Contents
IaaS: Infrastructure as a Service
IaaS is what this blog is targeting.
IaaS is a broken-by-design model, where you rent or lease computing resources from a cloud service provider.
Examples include Amazon AWS, Google GCP, Microsoft Azure, Oracle OCI.
SaaS: Software as a Service
While I think this term was “born” at about the same time as “IaaS”, from a functional perspective IMO SaaS as an offering has been around since at least the 90s, if not earlier still. Early SaaS offerings included
- Email hosting
- Web hosting
- DNS hosting
- File hosting(FTP)
All of which still exist today, though usually they are more sophisticated offerings than were around in the 90s. Services like Office 365, and whatever Google calls their enterprise mail/groupware thing, wordpress.com, and I think I’d consider any streaming service to be SaaS as well. There are thousands of SaaS offerings out there today.

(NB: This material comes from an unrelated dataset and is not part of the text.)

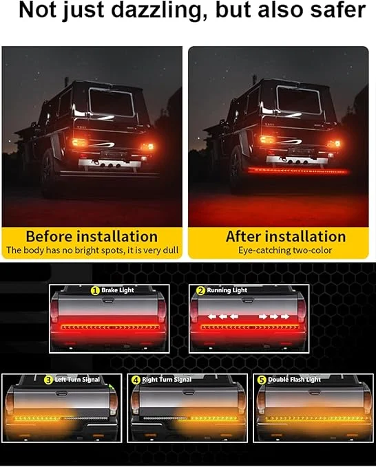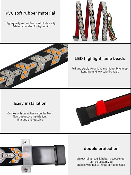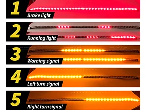نوار LED سپر عقب خودرو با افکت داینامیک راهنما، ترمز و دنده عقب، ضدآب و منعطف، مناسب انواع ماشین، نصب آسان با چسب و سیمکشی مستقیم.

My career as it stands today was launched in 2003 when I worked for my first SaaS company(the term didn’t exist yet AFAIK), the company I was at developed software to manage premium mobile service transactions for all of the major U.S. mobile carriers. Not only did we make the software we also hosted the software on behalf of the carriers. There was always an initiative inside the company to make the product mature enough so the carriers could operate it on their own. But we never got to that point, not while I was at the company anyway. It was there that I sort of came to a conclusion regarding SaaS (vs traditional software you may run on your computer). SaaS gives software companies the freedom to be more lazy with their development. Since they host the product they have easy access to fix bugs and stuff. If there are serious warts in operating the software(as it was at the company I worked at), that is all hidden from the customers. While I have no personal experience, the impression I get is that it’s more common for administrators to hate running Microsoft Exchange services, vs using Office 365 by contrast.

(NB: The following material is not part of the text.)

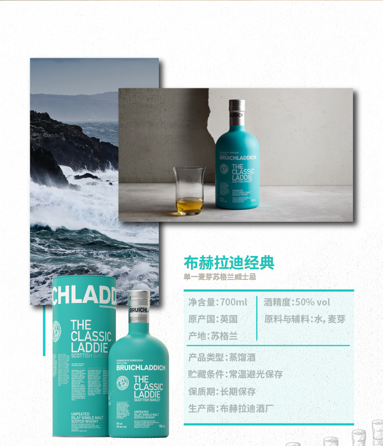 布赫拉迪 经典单一麦芽苏格兰威士忌700ml

If you go back to the 80s, perhaps one of the first SaaS offerings was Archie.
I think SaaS can be a fine operating model from a customer perspective in general, as the goal of it is to abstract away any underlying infrastructure so you only interface with the application layer. Cost modeling is usually more simple as well often per user pricing or some other easy to plan for metric.
PaaS: Platform as a Service
This is by far the least used of the three offerings I think. PaaS is often distributed alongside IaaS, in the form of say managed database servers for example would probably be the most common use case.
Examples include Amazon RDS, Microsoft hosted SQL services.